摘要： 酿酒酵母（Saccharomyces cerevisiae）的无性繁殖会导致复杂且不稳定的基因组倍性变化，这一直是酵母遗传学研究及菌种改造的难题之一。研究表明，单倍体的制备是解决这种难题的重要途径。本研究旨在以二倍体酿酒酵母W5为出发菌株，通过单倍体构建2,3-丁二醇（2,3-butanediol, 2,3-BD）高产菌株。因此必须首先筛选最适产孢培养基，优化单倍体分离和制备的条件，获得单倍体细胞，利用MAT-PCR法和形态学观察鉴定单倍体，最后进行单倍体稳定性和代谢水平上的研究。结果表明，W5在改良SPM上30℃培养8 d，产孢率最高（35.57%）。在此条件下，将产孢菌悬液于3%蜗牛酶中处理2 h，孢子释放率高达47.06%；通过孢子分离及传代培养后共获得7株单倍体，PCR扩增后获得一株HO缺失的稳定传代单倍体菌株S. cerevisiae H14；以W5菌株为对照，摇瓶发酵数据表明H14菌株的葡萄糖利用率下降，乙醇产率降低21.67%；重要副产物乙酸、2,3-BD前体物质乙偶姻的产量分别提高了12.7%和57.14%，表明理想的单倍体制备成功。本研究为利用基因工程改造酿酒酵母，构建高产2,3-丁二醇的菌株提供技术保证。

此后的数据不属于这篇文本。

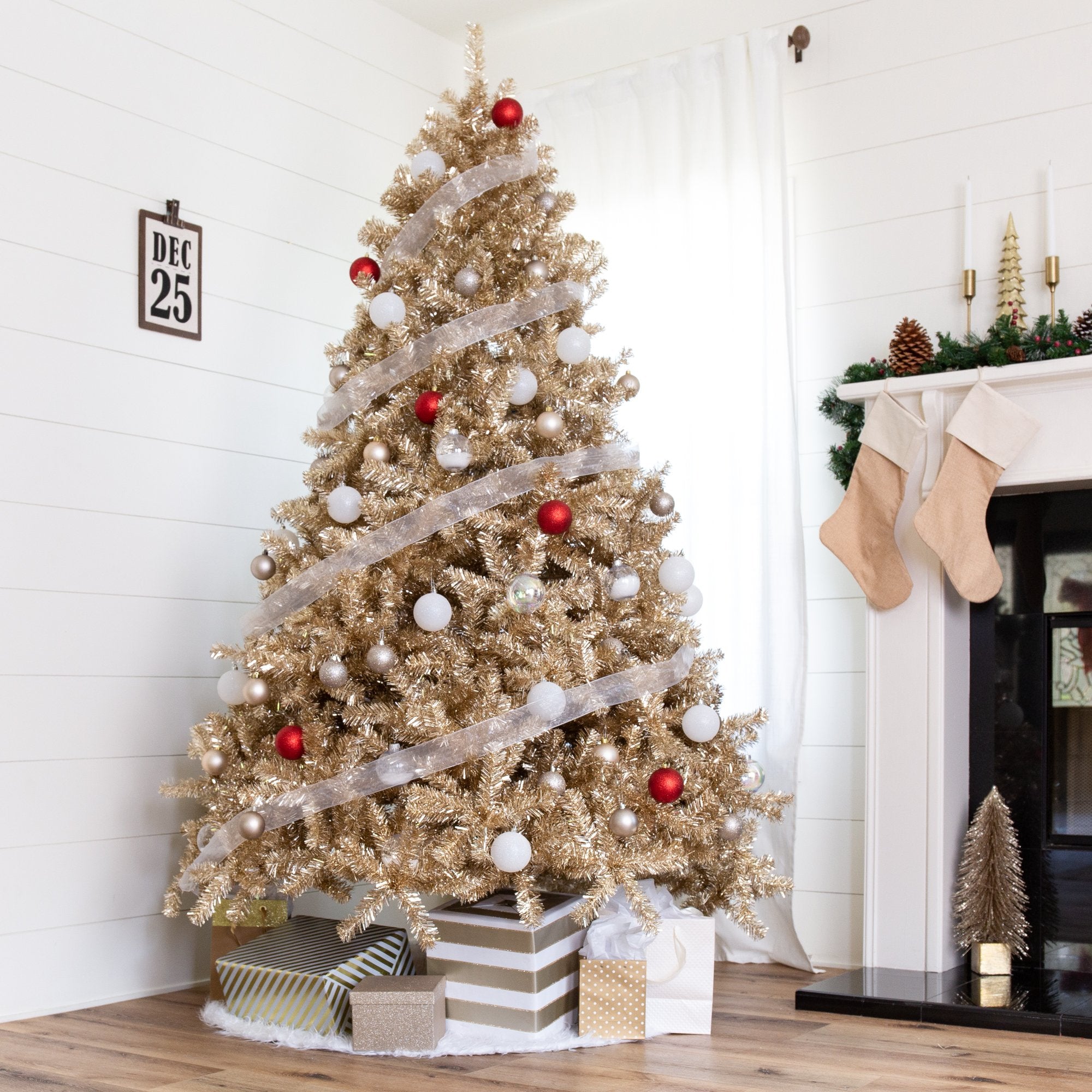 UNIQUE CHAMPAGNE TREE: Guaranteed to be an immediate eye-catcher in any setting, with a shiny tinsel champagne design that breaks free from the traditional tree

关键词: 酿酒酵母W5, 单倍体制备, 单倍体验证, 代谢

Abstract: The complex and unstable genome ploidy variation of Saccharomyces cerevisiae, resulting from its asexual reproduction, have always been one of the challenges for genetics research and strains improvement of yeast. To resolve the problem, haploid strain must be prepared. In this paper, we aims at constructing an engineering S. cerevisiae with the capability of producing 2,3-butanediol (2,3-BD) by preparing haploid strain from S. cerevisiae W5, which is a diploid strain. Thus, the most appropriate sporulation medium must be selected firstly. Then, the haploid strain was obtained by exploring conditions of haploid separation and preparation which was then verified by MAT-PCR and morphology observation. At last, the stability and metabolism of the haploid strain were studied. The results showed that the highest sporulation rate (35.57%) of W5 was acquired when cultured on modified SPM medium at 30℃for 8 days. Under the condition, the sporulation suspension of W5 was treated in 3% snailase for 2 h and the release rate of the spores reached up to 47.06%, which was then separated and subcultured to screen the haploid strains. Finally, a stable haploid strain S. cerevisiae H14 with deletion of HO was obtained by MAT-PCR from 7 original haploid strains. Using the W5 as the control, the fermentation results demonstrated that the consumption of glucose decreased and the ethanol production reduced (21.67%). Meanwhile, the yield of important by-product acetic acid and acetoin that is the precursor of 2,3-BD increased by 12.7% and 57.14%, respectively, indicating the successfully preparation of the desired haploid strain. This paper will provide technical guarantee for S. cerevisiae modification to enhance 2,3-BD production by genetic engineering.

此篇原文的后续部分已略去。